Background technique
Currently, the prior art commonly used in the trade is such thatEstimated according to International Energy Agency, global the year two thousand thirty primary energy
Source demand is up to 17,700,000,000 tons of oil equivalents, and demand for energy is so huge, and (coal, petroleum, natural gas etc. can not for fossil energy
Regenerated resources) increasingly depleted and to global climate environment influence so that worldwide, preferentially greatly developing can
The energy revolution of the renewable sources of energy is started.As various countries are to the investment of solar photovoltaic technology, photovoltaic power generation has been at present
Industrialization is realized, solar energy power generating gradually becomes the important component of electric power energy.

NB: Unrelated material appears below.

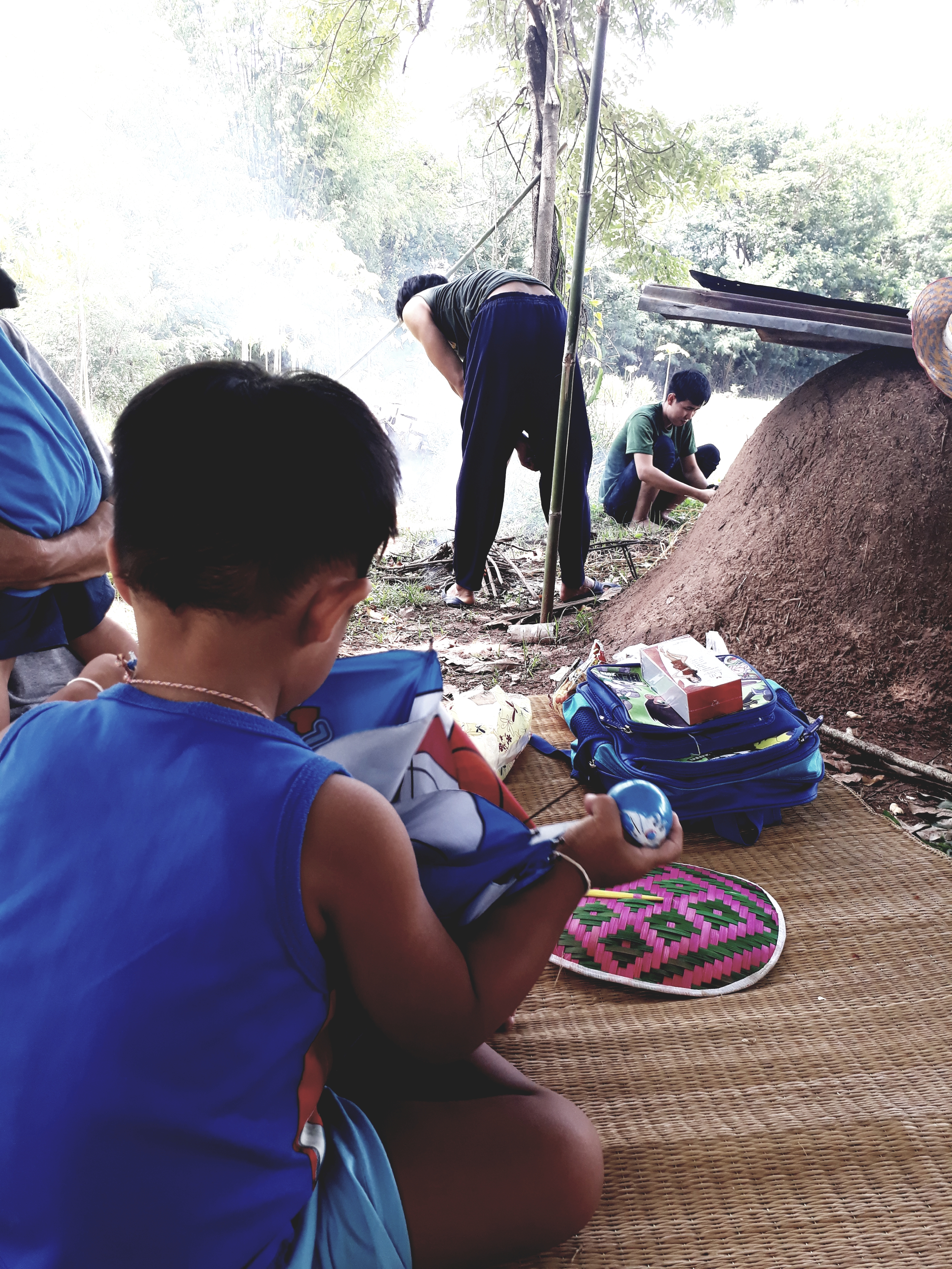 กำลังเตรียมไฟสำหรับหมกปลาลูกคอกให้เด็กๆกินค่ะ

Photovoltaic power generation belongs to fluctuation and intermittent power supply, after large-scale photovoltaic generates electricity access power grid, will generate with
Machine power generation and the Real-time Balancing problem of two groups of irrelevant variables of random electricity consumption, this allow for photovoltaic power generation prediction model and
The research of efficiency evaluation index becomes necessary.Photovoltaic power generation prediction model is exactly to many weathers of running photovoltaic power generation
Etc. factors analyzed, in advance assess generated energy situation of change, for rational management power generation capacity, make full use of resource, reach
To the purpose for the safety and stability for improving grid-connected rear power grid.Photovoltaic plant acquires a large amount of power generation data, wherein
Contain great excavation application value, built photovoltaic big data platform, can be not only used for the hair for realizing photovoltaic generating system
Power quantity predicting and management, and the parallel computation problem of the storage and big data to mass data, and accelerate new energy and
Significant role is played in terms of the benign development in clean energy resource field.
It mostly uses empirical method to carry out analysis of Influential Factors to photovoltaic data greatly at present, does not use algorithm more to photovoltaic substantially
Group factor is selected, and the factor for taking certain apteryx importance high establishes model.Empirical method is mainly selected and photovoltaic power generation does not have
The factor data of direct relation, such as lighting angle and illumination power, temperature, humidity, weather is cloudy, wind-force etc. factor, warp
The method of testing can first exclude directly related factor (electric current and voltage), and some weather characteristics decision further according to power station locality is put into
Factor establish model.Although electric current and voltage have a direct impact photovoltaic power generation, do not persuaded when establishing model
Power, but in terms of prediction, electric current and voltage are not to directly affect power generation, so prediction can be established as influence factor yet
Model.There are many algorithms, such as PCA algorithm at present, GBDT algorithm etc. all can be according to the importance of all factors, to choose
The feature being put into casts aside the subjective consciousness of the mankind, and obtained model more has science.In the photovoltaic shadow of big data field
Ring factor get up than the photovoltaic analysis of Influential Factors of small data it is more difficult, the present invention using GBDT algorithm analyze mass data
Importance.
In conclusion problem of the existing technology is:Universal experience method, which is chosen, influences photovoltaic power generation factor, can basis
Subjective consciousness screens photovoltaic power generation factor, deletes the factor data (electric current, voltage) directly related with photovoltaic power generation, choose and
The factor data that photovoltaic power generation is not directly relevant to can lose much high because of prime number with target value correlation after the selection result
According to generation important feature is lost, and last precision of prediction is influenced.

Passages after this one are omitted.